A THEATER FOR DREAMERS
Samson, Polly Algonquin (336 pp.) $26.95 | May 11, 2021 978-1-64375-149-8
An alluring historical novel revolves around the genesis of a relationship that inspired poet and songwriter Leonard Cohen. On one level, this historical novel is a delectable work of escapism. Set on the impossibly picturesque Greek island of Hydra, it focuses on a group of expatriate writers and artists living the bohemian life in 1960. Its wide-eyed narrator is 18-year-old Erica. Mourning the recent death of her mother and fleeing a domineering father, she leaves London with her brother, a painter, and her sweet boyfriend, an aspiring poet. They head for Hydra to visit an old friend of her mother’s. Erica is fictional, but the friend, Charmian Clift, was a real Australian novelist who lived for years on Hydra with George Johnston, her husband and fellow writer. Charmian is an irresistible earth mother who, as Erica marvels, can wear a patched shirt and tie her hair up with a shoestring and look chic. George is a towering grouch who complains about the constant stream of new visitors “lured by our fantastically blue water and cheap rent to live out their carefree immorality away from prying city eyes.” But his and Charmian’s chaotic, welcoming household, tumbling with children and delicious food, is a magnet for the artistic crowd.
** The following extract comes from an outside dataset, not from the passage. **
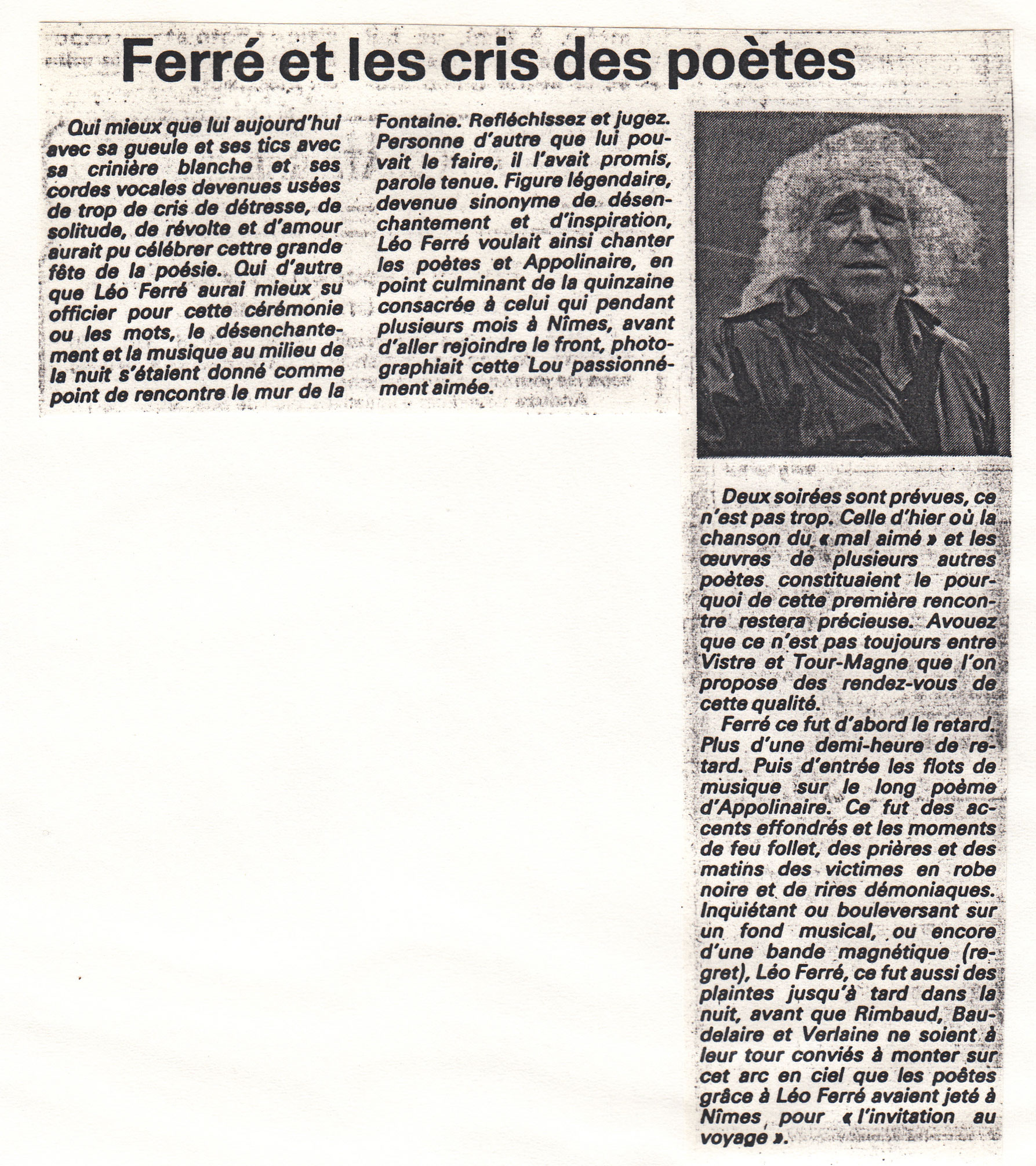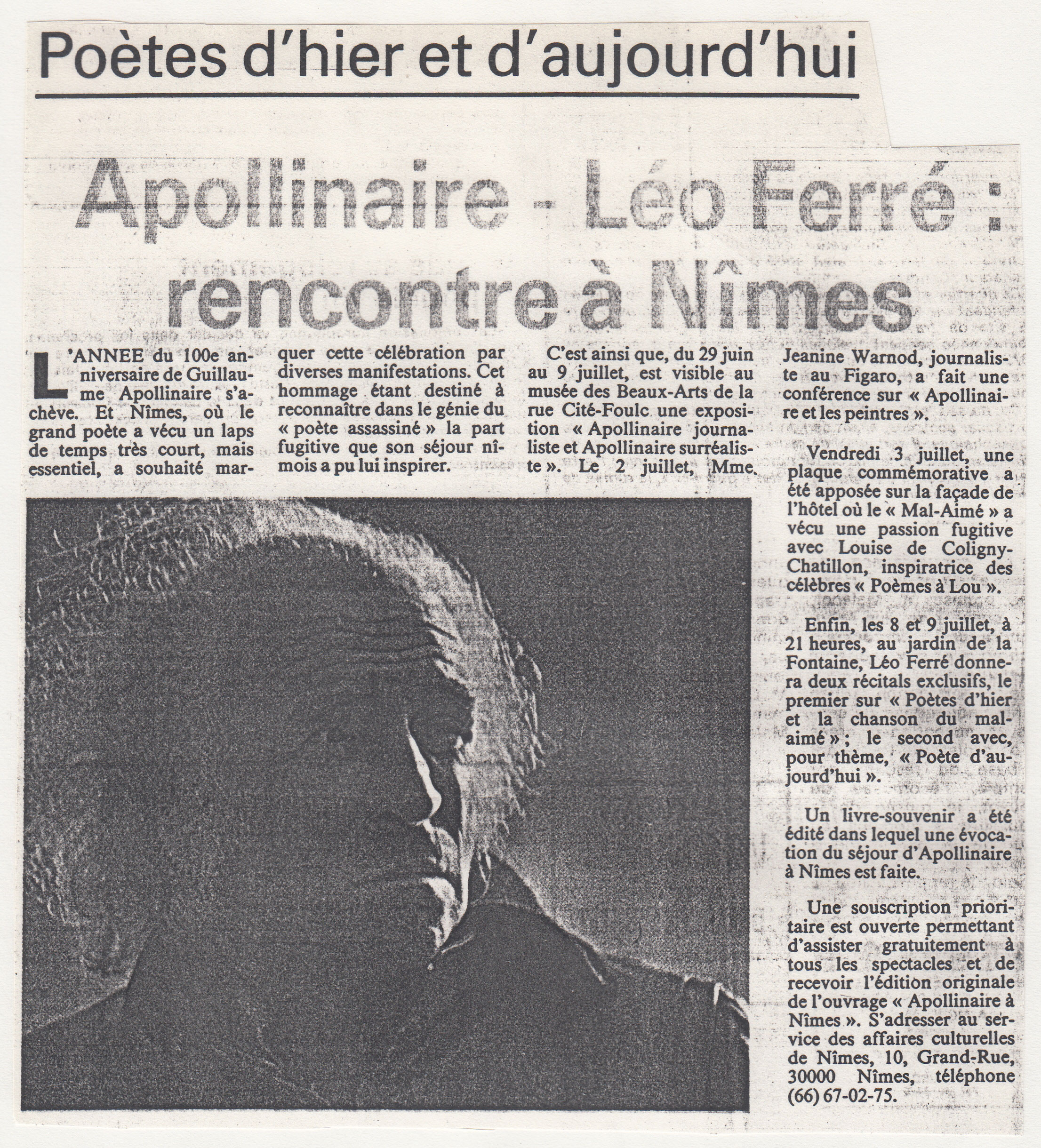 • Apollinaire - Léo Ferré : rencontre à Nîmes

That crowd also includes such real figures as Norwegian novelist Axel Jensen and his ethereally beautiful wife, Marianne Ihlen—and a very young and not yet famous Leonard Cohen. Yes, that Marianne, and the novel unfolds around the start of their relationship, amid dreamy days and nights of parties and feasts and sexual adventures, painted in lush prose. (Cohen fans will enjoy the author’s deft weaving of his song lyrics into his dialogue.) But Samson is up to something else as well—Marianne, Charmian, Erica, and most of the other women in the book are the muses of male artists, and that role gets a cool-eyed dissection. They might be inspiring poems and novels and paintings, but they’re also doing all the cooking and cleaning and, in Hydra, hauling water up the hill, not to mention bearing babies, coddling their partners’ fragile egos, and quashing any creative talents they might have themselves. It’s a role that, in this theater, can end tragically. Brilliant people in a beautiful setting add up to seductive time travel, with an edge.